*WORK TASK:*
What you return must be the lines from the first one below through the one containing "We have these", exactly and with pictures excluded.

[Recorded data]
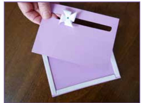
9. Stick the Spinner card on top of it
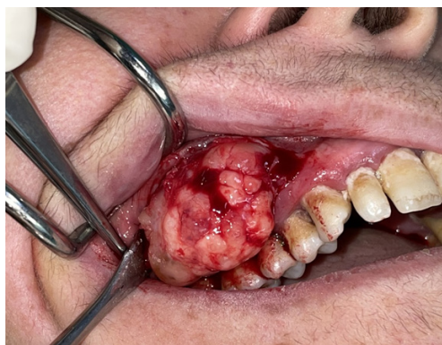
Figure 2. Operation view of the lesion.
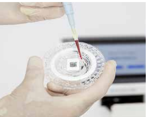
1 Pipette sample
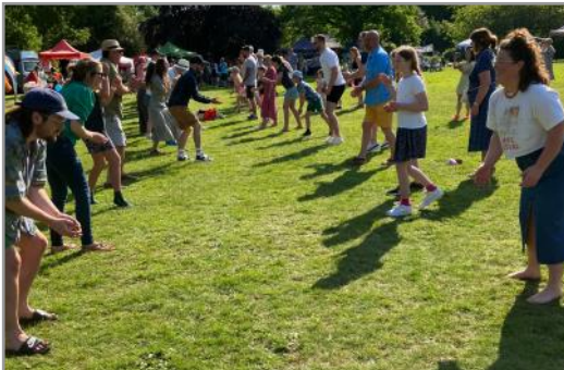
It's early days in the egg throwing
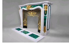
« Paiva » Fireplace in white Carrara marble and malachite, Maison&Maison.
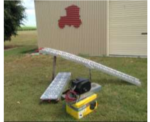
Right Photo - Ramps and winch

We have these couple of items that we no longer need. When we went to the Austin Seven Rally at Tanunda, we owned an Iveco van which was long enough for us to put one of our little Austin Seven cars in all secured, as well as tow our Caravan.
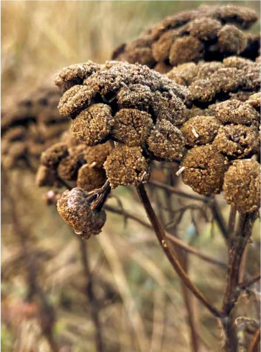
Sunset Beach, Vancouver, BC
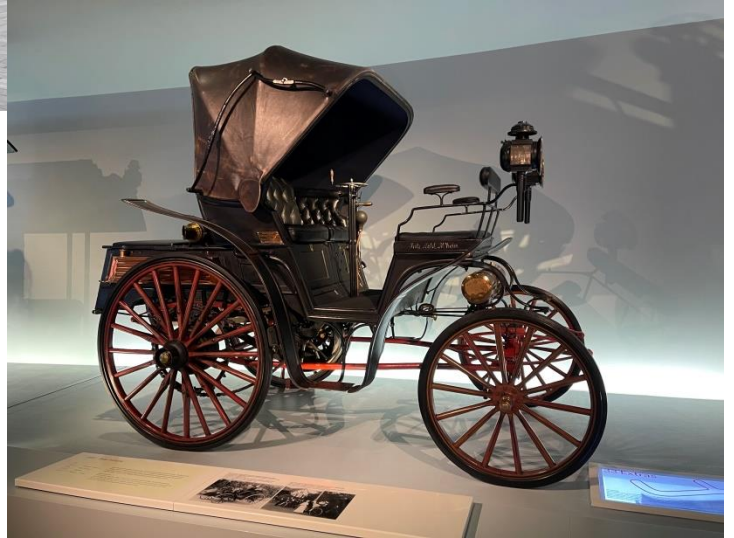
1893 Benz Vis-à-vis
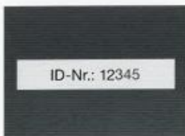
Inventory strips on reverse for owner identification purposes (Mat laundries)
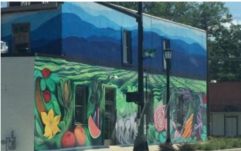
I could see a mural like this or something similar in one of your communities for the Farmer's Market.
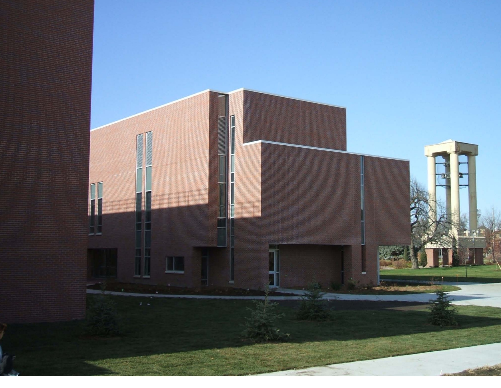
William E. Bruner Hall of Science, 2009 View Looks to the Northwest
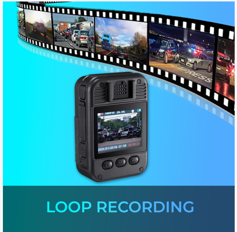
Aegis 110 Body Cam Loop Recording
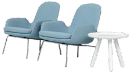
Era Lounge chair

“BROADLY SPEAKING, I THINK THAT WE SHOULD ALL KEEP QUESTIONING THE STATUS QUO, OURSELVES AND THE THINGS WE DO. TO ME, THAT’S ESSENTIAL IN ORDER TO IMPROVE THE WAY WE LIVE – AND THE ONLY WAY WE CAN CONTINUE TO MOVE FORWARD IN THE WORLD.”
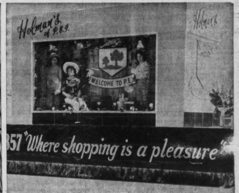
HOLMAN'S OF P.E.I. FLOAT TOOK TOP HONORS IN CLASS C1
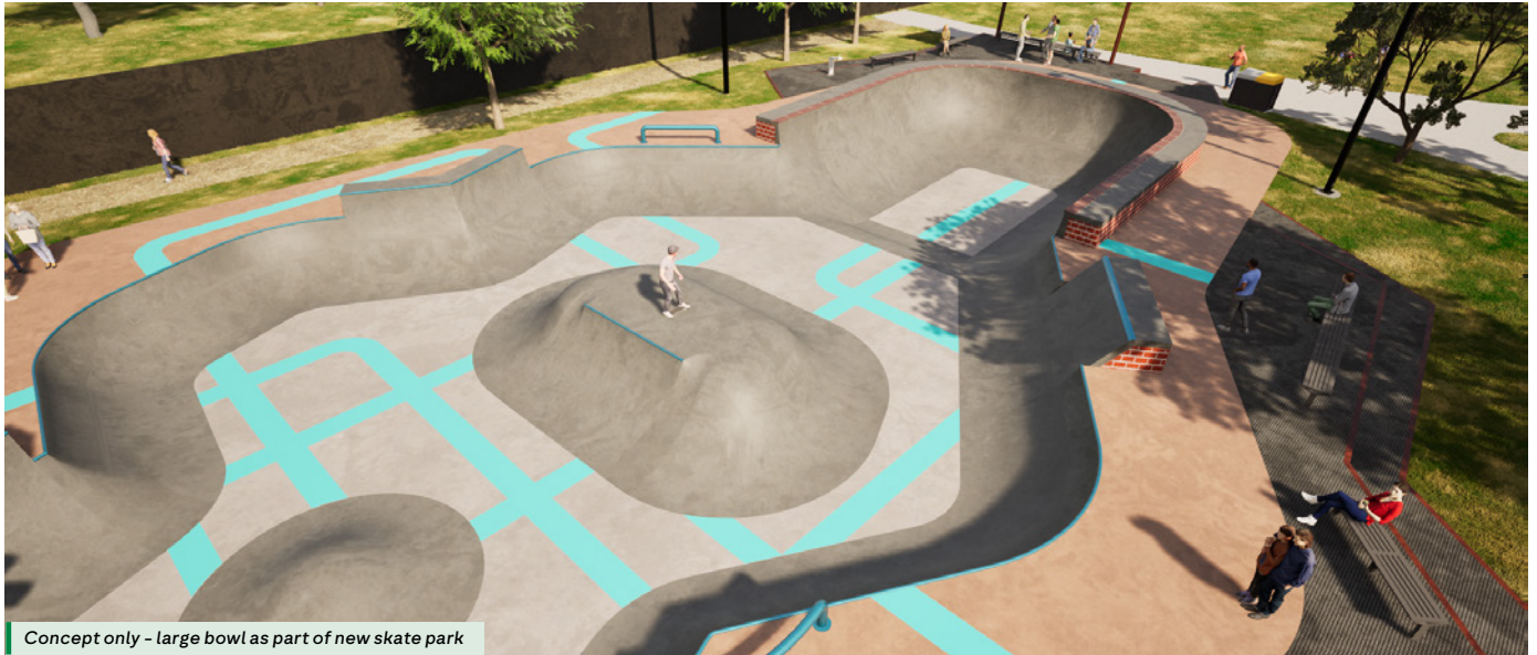
Concept only - large bowl as part of new skate park

*ANSWER SECTION:*
9. Stick the Spinner card on top of it
Figure 2. Operation view of the lesion.
1 Pipette sample
It's early days in the egg throwing
« Paiva » Fireplace in white Carrara marble and malachite, Maison&Maison.
Right Photo - Ramps and winch

We have these couple of items that we no longer need. When we went to the Austin Seven Rally at Tanunda, we owned an Iveco van which was long enough for us to put one of our little Austin Seven cars in all secured, as well as tow our Caravan.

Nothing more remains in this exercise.